**Task details:**
Please reproduce, exactly as given, the lines running from the start of the data to the line containing "Długi płaszcz damski", inclusive, and omit the pictures.

**Dataset extract:**
>>
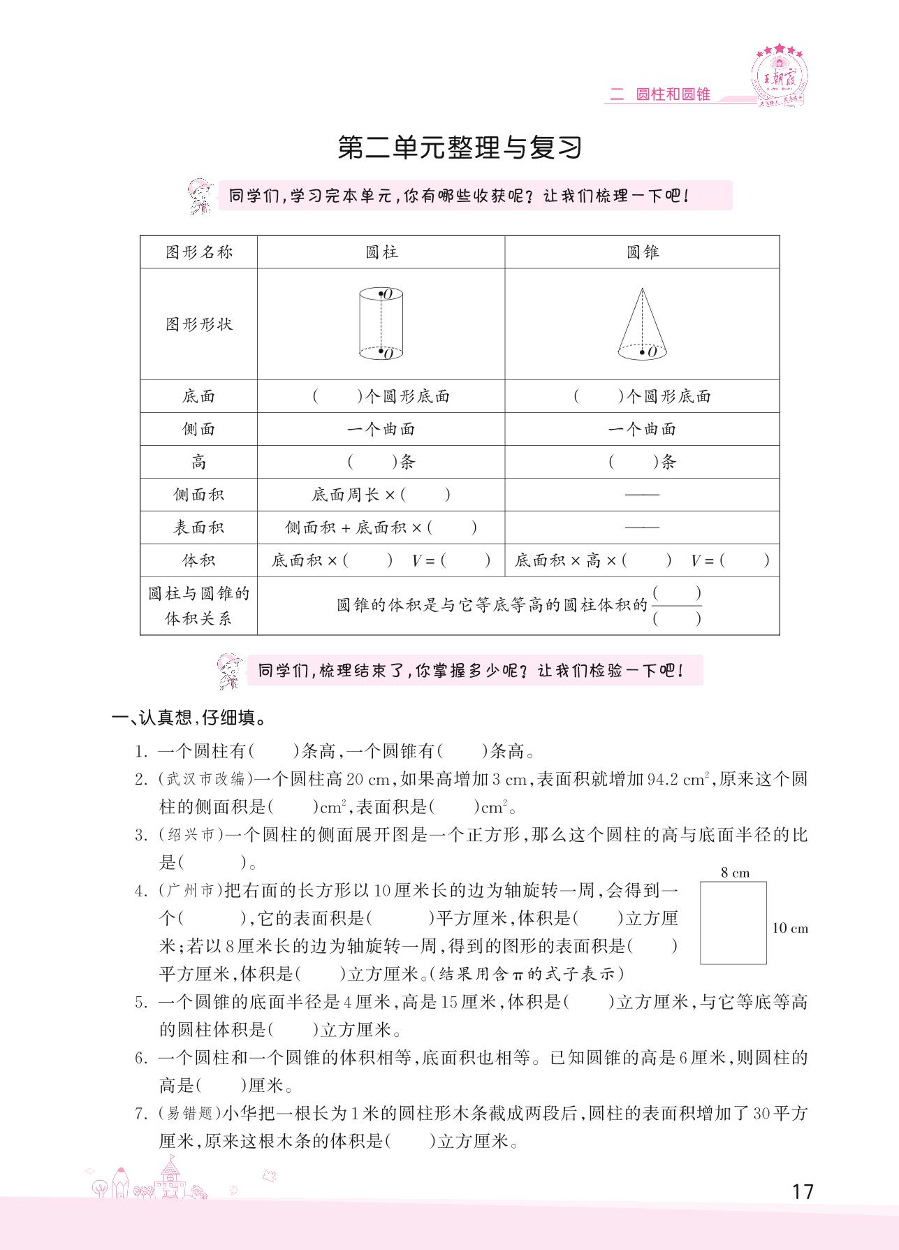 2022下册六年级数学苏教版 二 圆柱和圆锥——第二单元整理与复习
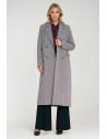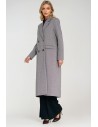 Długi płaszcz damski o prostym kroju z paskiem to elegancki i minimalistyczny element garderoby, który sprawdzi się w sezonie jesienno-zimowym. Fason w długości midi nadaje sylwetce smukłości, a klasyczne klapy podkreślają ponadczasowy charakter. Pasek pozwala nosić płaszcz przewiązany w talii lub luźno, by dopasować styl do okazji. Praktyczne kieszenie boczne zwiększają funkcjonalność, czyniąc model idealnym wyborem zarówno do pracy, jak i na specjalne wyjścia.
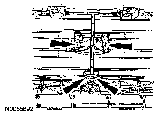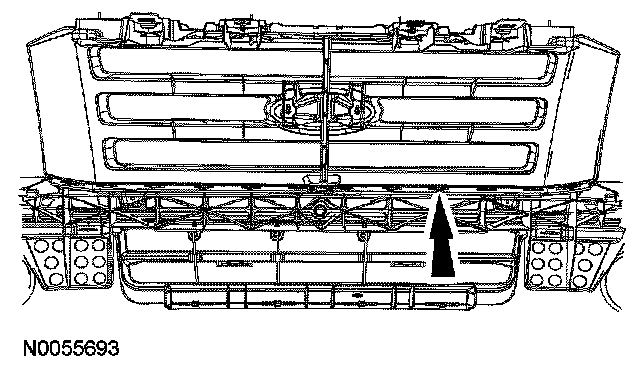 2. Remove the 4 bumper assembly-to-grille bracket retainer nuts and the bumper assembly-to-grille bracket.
<<
**Your solution:**
 2022下册六年级数学苏教版 二 圆柱和圆锥——第二单元整理与复习
 Długi płaszcz damski o prostym kroju z paskiem to elegancki i minimalistyczny element garderoby, który sprawdzi się w sezonie jesienno-zimowym. Fason w długości midi nadaje sylwetce smukłości, a klasyczne klapy podkreślają ponadczasowy charakter. Pasek pozwala nosić płaszcz przewiązany w talii lub luźno, by dopasować styl do okazji. Praktyczne kieszenie boczne zwiększają funkcjonalność, czyniąc model idealnym wyborem zarówno do pracy, jak i na specjalne wyjścia.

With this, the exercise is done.